How much does a small business website cost in 2026? For most small businesses, a professional website costs $3,000 to $10,000 as a one-time build, though the real range runs from $0 to $35,000+ depending on whether you go DIY, hire a freelancer, or use an agency. On top of that, budget $1,100 to $5,000 per year for hosting, security, and upkeep.
Here is the honest breakdown by approach, what you are actually paying for, and how to get a professional result without agency prices.
How much does a small business website cost in 2026?

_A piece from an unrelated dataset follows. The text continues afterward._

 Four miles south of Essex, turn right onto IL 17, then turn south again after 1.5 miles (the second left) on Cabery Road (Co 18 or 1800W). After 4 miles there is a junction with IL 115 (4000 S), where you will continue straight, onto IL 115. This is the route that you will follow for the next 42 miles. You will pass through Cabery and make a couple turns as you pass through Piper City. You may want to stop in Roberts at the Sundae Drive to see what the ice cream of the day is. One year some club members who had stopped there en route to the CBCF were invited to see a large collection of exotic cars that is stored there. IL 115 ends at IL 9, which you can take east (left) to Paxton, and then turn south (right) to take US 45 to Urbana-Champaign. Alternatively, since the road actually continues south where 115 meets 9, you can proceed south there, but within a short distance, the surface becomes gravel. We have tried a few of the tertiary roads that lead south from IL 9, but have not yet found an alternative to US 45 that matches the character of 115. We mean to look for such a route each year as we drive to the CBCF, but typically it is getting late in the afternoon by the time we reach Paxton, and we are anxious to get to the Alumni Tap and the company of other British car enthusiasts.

| Approach | Typical cost | Ongoing |
|---|---|---|
| DIY builder (Wix, Squarespace) | $17-45/mo ($200-600/yr) | included |
| Freelancer | $1,500-8,000 one-time | you arrange hosting |
| Agency | $6,000-35,000+ | $1,100-5,000/yr |
| Done-for-you studio | ~$499-799 setup + $79-149/mo | included |
Most professionally built small business sites land between $3,000 and $10,000. eCommerce and custom functionality push higher.
What you are actually paying for
A website price is really four things bundled together: design (how it looks and converts), development (how fast and reliable it is), content (copy, images, structure), and upkeep (hosting, security, updates, SEO). DIY builders hand you the tools and you do all four yourself. Agencies do all four for you and charge for the overhead. The price gaps between options are mostly about how much of that work you do versus pay someone to do.

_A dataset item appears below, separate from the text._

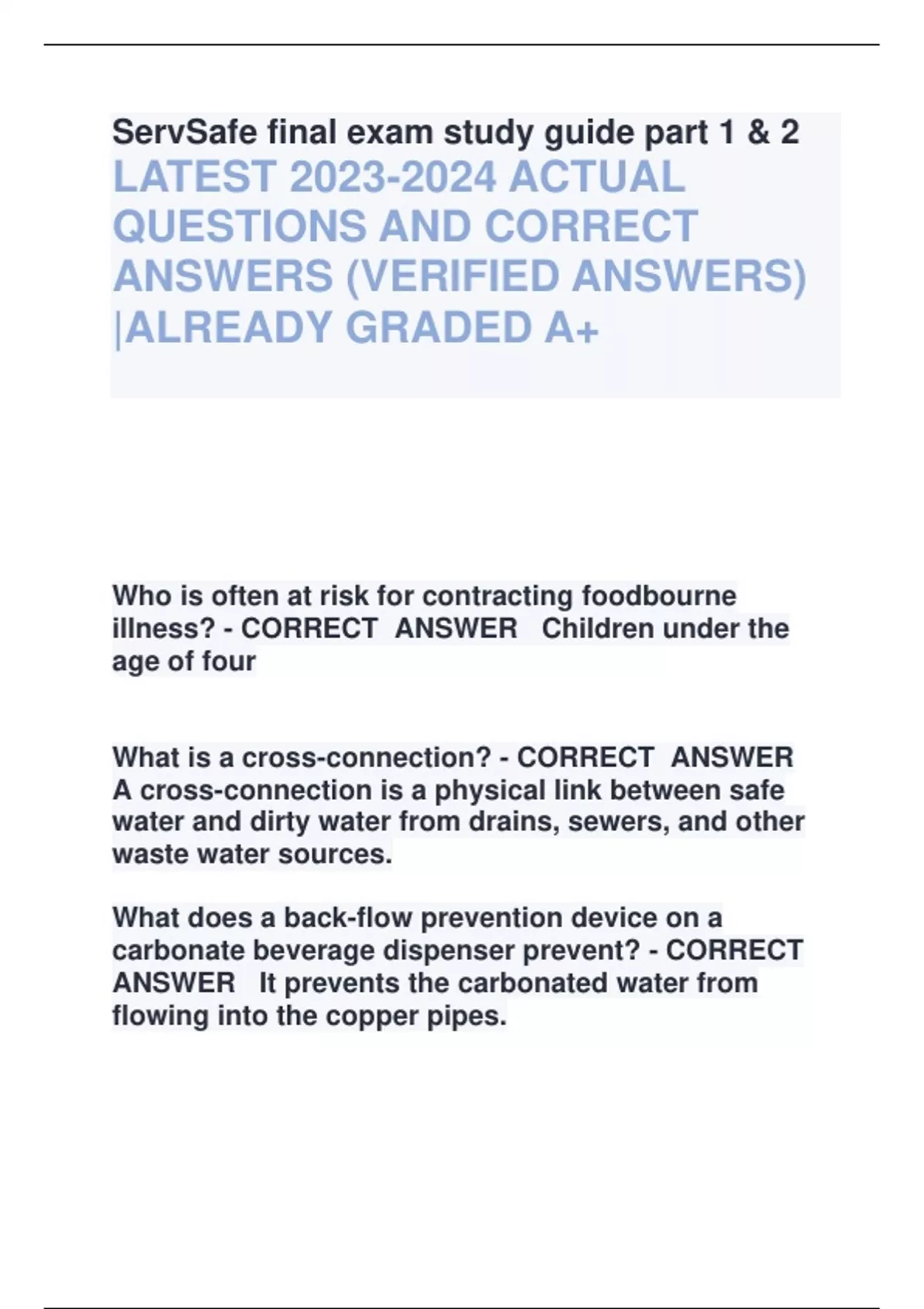 ServSafe final exam study guide part 1 & 2 LATEST ACTUAL QUESTIONS AND CORRECT ANSWERS (VERIFIED ANSWERS) |ALREADY GRADED A+ Who is often at risk for contracting foodbourne illness? - CORRECT ANSWER Children under the age of four What is a cross-connection? - CORRECT ANSWER A cross-connection is a physical link between safe water and dirty water from drains, sewers, and other waste water sources. What does a back-flow prevention device on a carbonate beverage dispenser prevent? - CORRECT ANSWER It prevents the carbonated water from flowing into the copper pipes. What is the appropriate concentration for an iodine sanitizer? - CORRECT ANSWER 12.5-25ppm How long must operations keep shell stock identification tags on file after the date the last shellfish was sold or served? - CORRECT ANSWER You have to keep it in on file for 90 days. Which federal agency issues the model food code? - CORRECT ANSWER The FDA The effectiveness of a chemical sanitizer can be limited by what? - CORRECT ANSWER Detergent being left on the counter top. Who is often at risk for contracting foodbourne illness? - CORRECT ANSWER Children under the age of four What is a cross-connection? - CORRECT ANSWER A cross-connection is a physical link between safe water and dirty water from drains, sewers, and other waste water sources. What does a back-flow prevention device on a carbonate beverage dispenser prevent? - CORRECT ANSWER It prevents the carbonated water from flowing into the copper pipes. What is the appropriate concentration for an iodine sanitizer? - CORRECT ANSWER 12.5-25ppm How long must operations keep shell stock identification tags on file after the date the last shellfish was sold or served? - CORRECT ANSWER You have to keep it in on file for 90 days. Which federal agency issues the model food code? - CORRECT ANSWER The FDA The effectiveness of a chemical sanitizer can be limited by what? - CORRECT ANSWER Detergent being left on the counter top.

DIY vs freelancer vs agency: which is right for you?
DIY (Wix/Squarespace) is cheapest up front and fine if you have time and the site is simple. The catch: it is your nights and weekends, templates look generic, and you own every technical problem. Custom beats a template more often than people expect.
Freelancer ($1,500-8,000) gets you something custom for less than an agency, but quality and reliability vary wildly, and you are often left maintaining it yourself after launch.
Agency ($6,000-35,000+) buys strategy and a team, but you pay for that team's overhead, usually overkill for a local business that needs a clean, fast, found-on-Google site.
The ongoing costs people forget
The sticker price is not the whole bill. Plan for $1,100 to $5,000 per year in hosting, SSL, backups, plugin and security updates, and basic SEO. A cheap build with no maintenance plan often costs more in the long run when it breaks or gets hacked. For perspective on the cost of doing nothing, see what not having a website actually costs your business.
A faster, fairer middle option
There is a gap between "DIY it yourself" and "$10,000 agency": a done-for-you studio where you work directly with the developer, no agency markup, no account managers. That is how Kodeit builds: a professional, fast, SEO-ready site from around $499-799 to set up and $79-149/month that rolls hosting, security, updates, and SEO into one bill. You get the custom result without the agency price or the DIY time sink. See current pricing and the trade-specific breakdowns for plumbers and electricians.
Tools matter too: the right AI stack can cut content and design costs further. BigBangIndex tracks the best free and paid AI tools for small businesses.
FAQ
How much does a small business website cost in 2026? Most professional builds cost $3,000 to $10,000 one-time, with the full range from $0 (DIY) to $35,000+ (agency). Budget another $1,100-5,000 per year for hosting and upkeep.
What is the cheapest way to get a professional website? A DIY builder like Wix or Squarespace ($17-45/mo) is cheapest if you build it yourself. For a custom, done-for-you result at a low price, a direct-with-developer studio (from around $499 setup) undercuts both freelancers and agencies.
Why are agency websites so expensive? Agencies bundle strategy, design, development, and a full team, so you pay for overhead and account management that a local small business rarely needs.
Are there ongoing costs after the website is built? Yes. Hosting, SSL, backups, security updates, and SEO typically run $1,100-5,000 per year. Some providers roll these into a flat monthly fee.
Is a cheap website worth it? A cheap site is worth it only if it is fast, mobile-friendly, secure, and found on Google. A bargain build with no maintenance often costs more later in lost leads and fixes.